The task.
Copy word for word the lines of the records below, beginning at the one with "1 NP: prostorný" and finishing at the one with "MuchoWow® Peinture sur", ends included, but none of the pictures.

=== Dataset extract ===

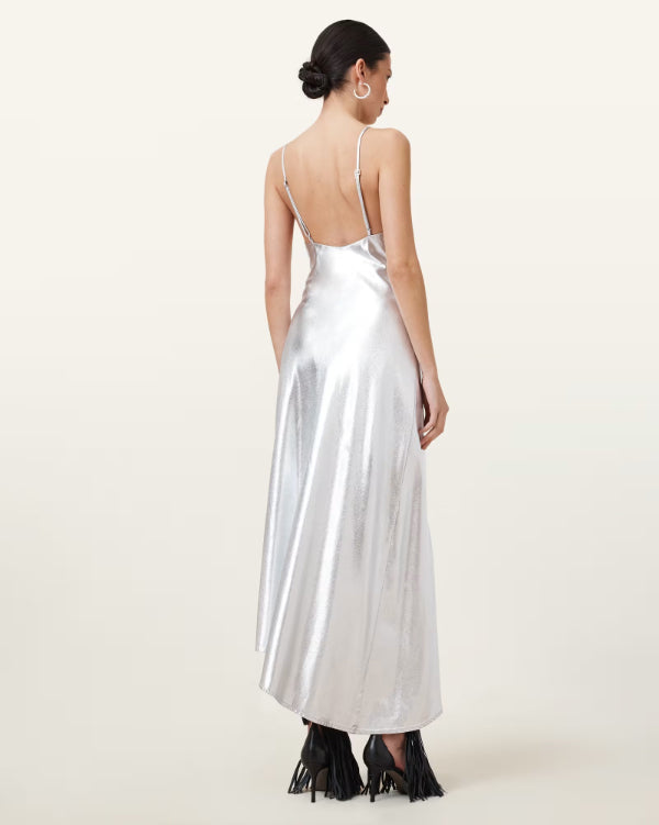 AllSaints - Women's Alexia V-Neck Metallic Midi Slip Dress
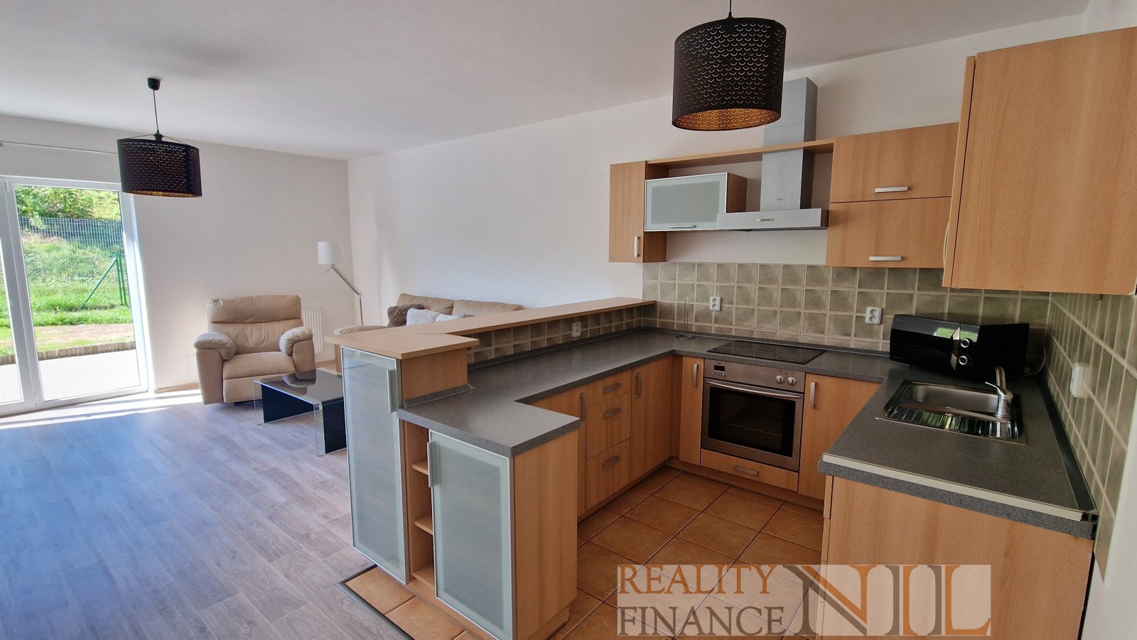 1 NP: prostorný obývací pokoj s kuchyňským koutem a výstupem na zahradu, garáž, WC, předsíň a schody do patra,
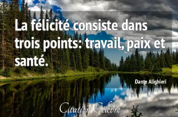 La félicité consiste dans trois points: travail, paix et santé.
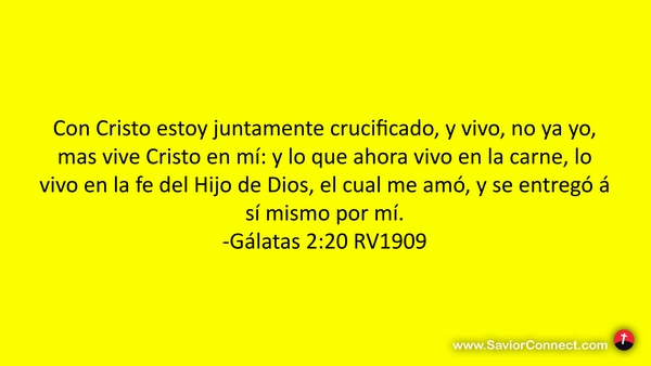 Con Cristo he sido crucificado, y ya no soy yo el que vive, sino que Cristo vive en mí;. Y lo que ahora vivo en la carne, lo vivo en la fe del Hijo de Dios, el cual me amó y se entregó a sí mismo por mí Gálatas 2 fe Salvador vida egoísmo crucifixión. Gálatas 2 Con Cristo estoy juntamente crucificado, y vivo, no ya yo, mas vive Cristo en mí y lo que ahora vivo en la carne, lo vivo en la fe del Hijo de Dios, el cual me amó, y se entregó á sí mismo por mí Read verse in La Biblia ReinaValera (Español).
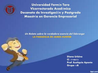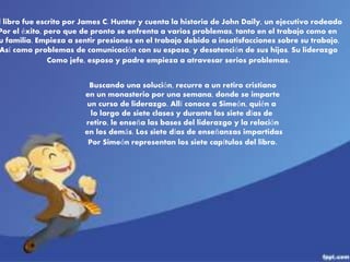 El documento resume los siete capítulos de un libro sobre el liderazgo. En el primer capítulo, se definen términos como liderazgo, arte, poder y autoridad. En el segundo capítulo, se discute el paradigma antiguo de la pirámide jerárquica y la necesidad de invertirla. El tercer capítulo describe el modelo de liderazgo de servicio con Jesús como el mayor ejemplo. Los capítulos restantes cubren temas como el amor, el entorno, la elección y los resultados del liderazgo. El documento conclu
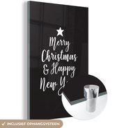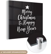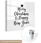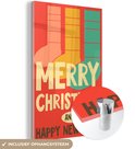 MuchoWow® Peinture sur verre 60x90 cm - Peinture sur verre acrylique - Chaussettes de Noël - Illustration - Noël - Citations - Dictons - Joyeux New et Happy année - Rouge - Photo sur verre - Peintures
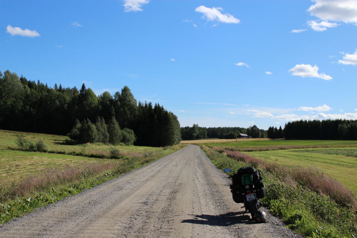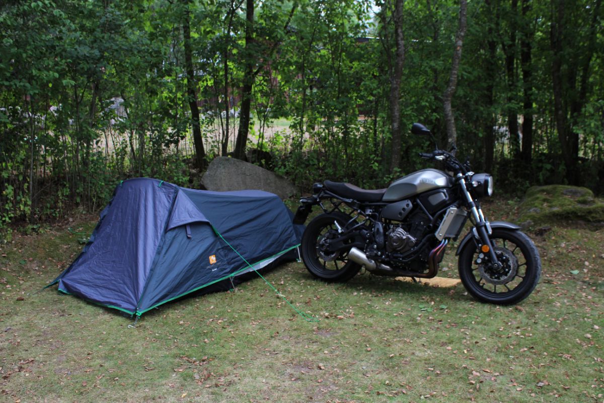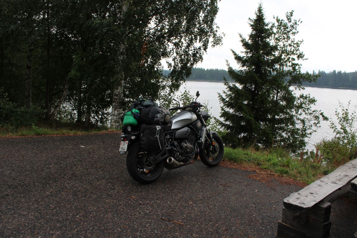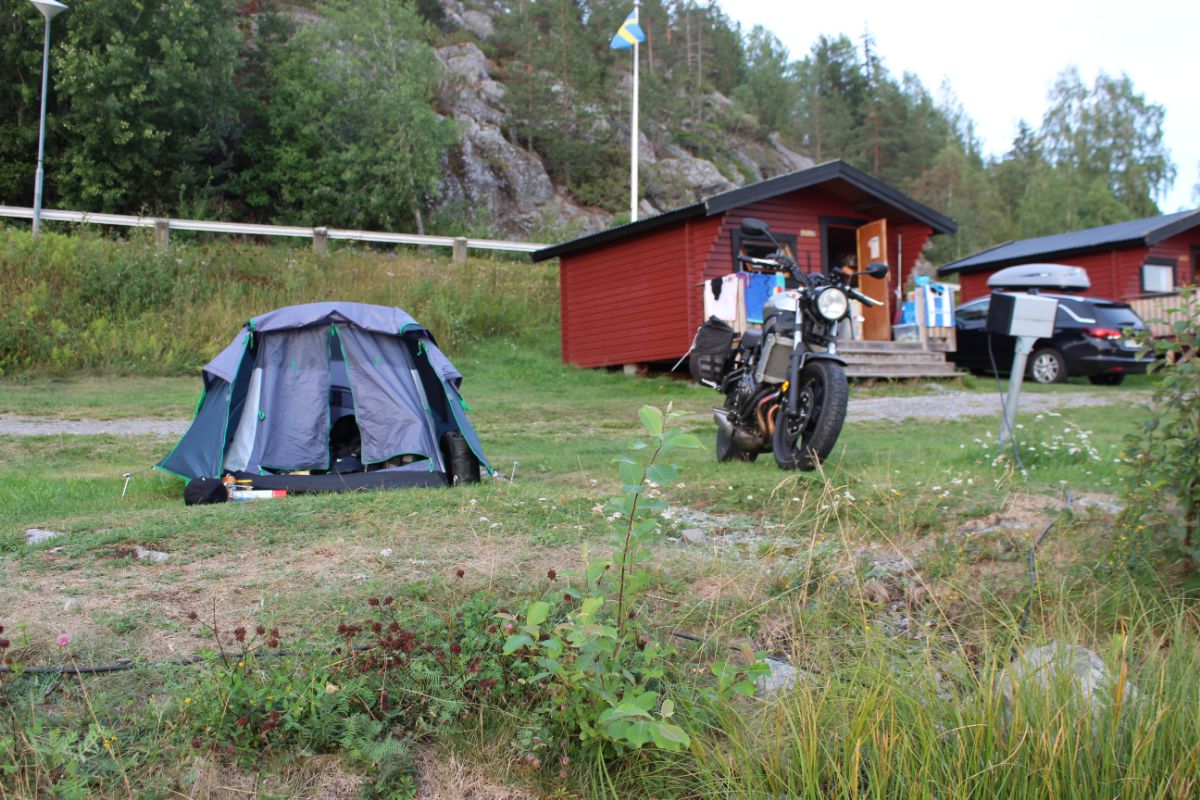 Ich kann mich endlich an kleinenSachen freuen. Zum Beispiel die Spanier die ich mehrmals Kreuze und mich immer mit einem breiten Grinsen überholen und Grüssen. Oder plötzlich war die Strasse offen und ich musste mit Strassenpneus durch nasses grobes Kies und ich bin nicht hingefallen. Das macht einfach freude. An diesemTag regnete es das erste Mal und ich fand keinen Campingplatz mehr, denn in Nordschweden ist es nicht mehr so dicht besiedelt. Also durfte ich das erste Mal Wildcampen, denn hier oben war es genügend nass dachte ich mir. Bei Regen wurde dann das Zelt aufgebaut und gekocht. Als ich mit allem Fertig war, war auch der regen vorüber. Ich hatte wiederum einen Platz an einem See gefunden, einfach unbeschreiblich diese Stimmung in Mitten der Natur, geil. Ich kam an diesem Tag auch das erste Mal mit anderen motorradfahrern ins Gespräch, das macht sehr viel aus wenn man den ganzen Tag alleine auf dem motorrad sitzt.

===

Solution to the exercise.
 1 NP: prostorný obývací pokoj s kuchyňským koutem a výstupem na zahradu, garáž, WC, předsíň a schody do patra,
 La félicité consiste dans trois points: travail, paix et santé.
 Con Cristo he sido crucificado, y ya no soy yo el que vive, sino que Cristo vive en mí;. Y lo que ahora vivo en la carne, lo vivo en la fe del Hijo de Dios, el cual me amó y se entregó a sí mismo por mí Gálatas 2 fe Salvador vida egoísmo crucifixión. Gálatas 2 Con Cristo estoy juntamente crucificado, y vivo, no ya yo, mas vive Cristo en mí y lo que ahora vivo en la carne, lo vivo en la fe del Hijo de Dios, el cual me amó, y se entregó á sí mismo por mí Read verse in La Biblia ReinaValera (Español).
 El documento resume los siete capítulos de un libro sobre el liderazgo. En el primer capítulo, se definen términos como liderazgo, arte, poder y autoridad. En el segundo capítulo, se discute el paradigma antiguo de la pirámide jerárquica y la necesidad de invertirla. El tercer capítulo describe el modelo de liderazgo de servicio con Jesús como el mayor ejemplo. Los capítulos restantes cubren temas como el amor, el entorno, la elección y los resultados del liderazgo. El documento conclu
 MuchoWow® Peinture sur verre 60x90 cm - Peinture sur verre acrylique - Chaussettes de Noël - Illustration - Noël - Citations - Dictons - Joyeux New et Happy année - Rouge - Photo sur verre - Peintures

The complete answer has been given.